Vivian’s online friendships have not only served as support, she’s been able to provide solace and reassurance for others through social media as well. Madeleine George’s research has shown that online friendships can be especially important to young people who are in a vulnerable situation, and can be a venue for them to safely figure out who they are in a secure and comfortable setting. Social media also allows people to have standards when looking for a friend, and assist them in sifting through to find someone who can engage in a safe and rewarding friendship. This type of online community can have meaningful benefits for someone who feels isolated and alone in real life. In a study conducted by Developmental Psychology, teens were isolated and were allowed “solitary gameplay” or online messaging to pass the time. Those who has access to online messaging had a higher morale, better self-confidence, and felt less lonely. The results of the study also found that online support may help young adults to overcome an experience of social exclusion.
An online friendship doesn’t have to move offline like Paige and Lauren’s friendship did to make an impact, but Vivian strongly believes that friendships should include an in-person experience to reach their full potential. There’s no emoji that compares to hugging someone and physically expressing your affection by squeezing the living daylights out of them. However, Vivian expresses that many online friends simply don’t have the resources to ever meet. But that doesn’t decrease the benefit or strength of the relationship. According to Madeleine George, the experiences shared and emotional connection (the content of the friendships) is more important than the context it is happening in.
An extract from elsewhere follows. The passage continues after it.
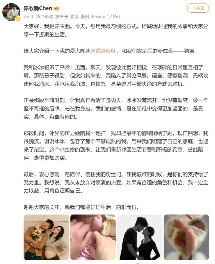 转折点出现在2026年3月28日至29日。陈牧驰与歌手陈冰同步公开结婚及生子的消息,使其个人生活叙事发生明显变化。值得注意的是,这一公开几乎没有前期铺垫,婚姻与子女信息同时披露,形成较强的信息冲击。
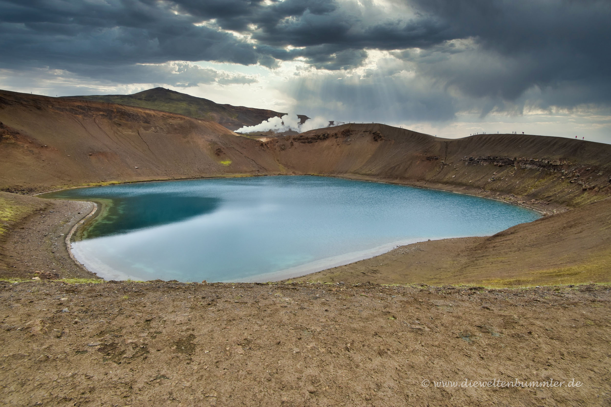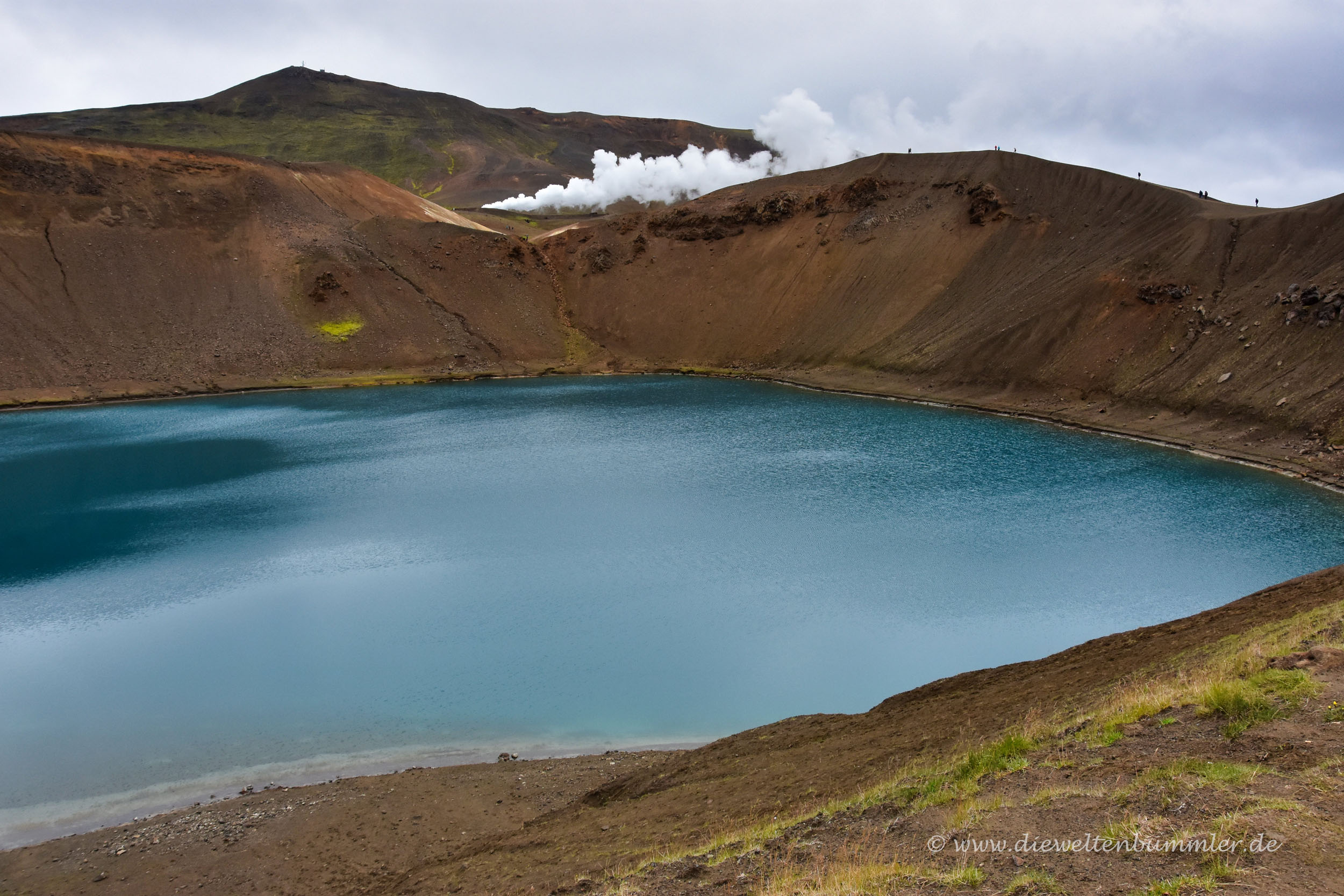 Die Straße ist übrigens eine Sackgasse und nicht viel später kommen zwei Parkplätze. Einer auf der linken Seite ist Ausgangspunkt für eine Wandertour zum Leirhnjukur, einem Gipfel an den Lavafeldern von Krafla. Der andere Parkplatz befindet sich direkt am Rande eines Kratersees. Dieser heißt Víti und entstand in der ersten Hälfte des 18. Jahrhunderts durch vulkanische Tätigkeit – logisch.

Keeping up with the needs of a real life friendship can be really challenging and intimidating. Getting the courage to introduce yourself to someone new can be hard, and there are other factors like money to hang out and transportation. These things aren’t an issue with an online friend. In Vivian’s opinion, “a great online friend is much more valuable than than a mediocre in-person friend.”
She’s found sincere people and deep human connections that changed her life—they just happened to be online.